The second persona has no vision. This is typically what you think of when you think of the word “blind.” No vision means no useful vision—you may be able to see something, but you cannot understand it without third-party intervention. Only a small percentage of vision-impaired people have no vision, but it is crucial to ensure inclusivity for them.

Process maps are inherently visual, so the following tips are mostly based on low vision. Low-vision users, with some tweaks, can read process maps if care is taken by the business analysts to make them as inclusive as possible.

Firstly, some whole-map tips. Use a clear font, classified as “sans serif.” These are simple, non-fancy stroke fonts that are easy to read, e.g., Arial and Calibri. Bad examples are brush script, harlow solid, and monotype cursive. Another consideration is the font size. Typically, it is best to produce it in large print, size 14, or giant print, size 18. This is not just helpful for those with low vision but will also reduce eye strain for fully sighted users. San-serif fonts are also dyslexia-friendly.

Secondly, make the connectors, or the lines between process steps, consistent in both thickness and color. The thicker the better, as there is more chance of seeing them, but they must also be in proportion to the other objects, or else it will look so odd that few people will engage seriously with the map. This is the balance between usability and accessibility.

Thirdly, low-vision users will zoom in a lot more than they are used to, sometimes only having a few letters on screen. With this in mind, there are two things that must be considered: Navigation: ID codes. By coding every step, data object, or note, you allow a low-vision user to navigate quicker using metadata instead of engaging with the full object.

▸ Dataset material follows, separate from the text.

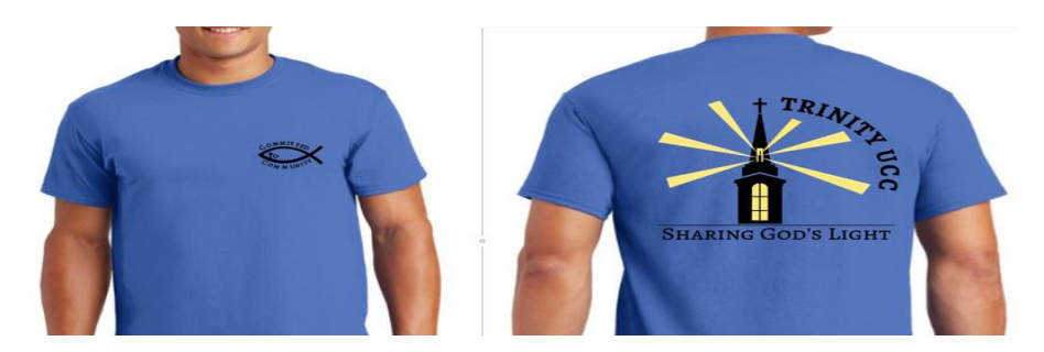
TRINITY T-SHIRT ORDERS

We are taking orders for our newly designed t-shirts!

Each object class should be different; typically, I use process steps as numbers, notes as N1, N2, etc., and data objects as D1, D2, etc. Depending on which software you use to map your process, this can also assist any user in searching quickly and efficiently.

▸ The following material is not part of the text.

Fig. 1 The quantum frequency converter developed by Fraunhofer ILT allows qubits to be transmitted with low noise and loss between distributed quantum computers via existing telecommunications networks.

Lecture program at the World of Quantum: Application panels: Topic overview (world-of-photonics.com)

Screen real estate is also an important consideration. The more you zoom in, the less you can see the bigger picture. So, if objects are spaced far apart, it’s harder to understand the map. I recommend placing objects close together. Where you have multiple connectors coming out of an object, line them up so they overlap, looking like one connector, and have them branch off with the connector text as close to the break as possible, allowing someone who is zoomed in to be able to follow with ease.

Fourthly, color is important. There are several vision-impaired color schemes, such as yellow on black, white on black, etc. These are all highly subjective but share one common feature: they are high-contrast colors. My advice then is not to use similar colors, such as black and grey, white and silver, or white and yellow, as these types of pairings are very hard to see and can be easily missed or unreadable. Neon colors are highly effective, as most accessible technology offers color inversion, and when you invert a neon color, it stays the exact same shade, meaning there can be no misunderstanding in color coding like RAG systems. I advise only using one color scheme, or at most, in the case of impact assessing a process, a RAG for change size and blue for new—all in neon colors.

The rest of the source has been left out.